Christian Altenhofen aus der Abteilung Interaktive Engineering Technologien am Fraunhofer-IGD beschreibt den Mehrwert wie folgt: „Wir schaffen einen fließenden Übergang zwischen Design und Simulation: Bisher war es ein ungelöstes Problem, schnell prüfen zu können, ob sich ein individueller Entwurf umsetzen lässt.“ Laut Altenhofen liegt das daran, dass die meisten CAD-Daten lediglich die äußere Oberfläche beschreiben und nicht die für Simulationen notwendigen volumetrischen Informationen enthalten.
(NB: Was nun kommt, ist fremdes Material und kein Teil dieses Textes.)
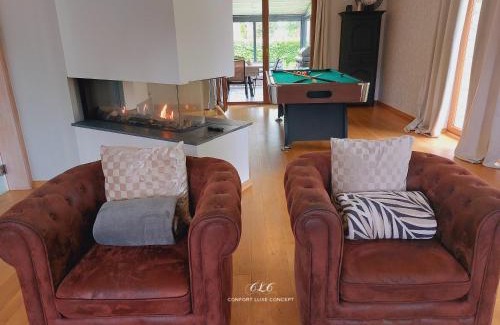 Villa VIP offers accommodations in Welkenraedt, 11 miles from Vaalsbroek Castle and 14 miles from Aachen Central Station. This property offers access to a balcony, a pool table, free private parking, and free Wifi. Guests can use the spa and wellness center with a hot tub and indoor pool, as well as a garden. Offering a terrace and pool views, the spacious villa includes 4 bedrooms, a living room, flat-screen TV, an equipped kitchen, and 2 bathrooms with a hot tub and a bath. Towels and bed linen are featured in the villa. For added privacy, the accommodation features a private entrance. A continental breakfast is available at the villa. Guests can make the most of the warm weather with the property's barbecue facilities. You can play darts at Villa VIP. Theatre Aachen is 15 miles from the accommodation, while Aachen Cathedral is 15 miles away. Liege Airport is 26 miles from the property.

Diese nachträglich zu generieren, sei sehr fehleranfällig, erfordere meist manuelle Nacharbeit und koste die Industrie viel Geld, zeichnet der Wissenschaftler die bisherige Situation nach.

Die neue Software soll Kunden und Hersteller nun in die Lage versetzen, die zur Materialprüfung notwendige Simulation automatisch selbst zu erzeugen. „Dadurch wird schnell geklärt, ob sich Designvorschläge, die am Rechner erstellt wurden, auch in der Realität umsetzen lassen – ist dies nicht der Fall, schlägt die Software vor, wie das Produkt stabiler beziehungsweise besser gestaltet werden kann“, erklärt Altenhofen.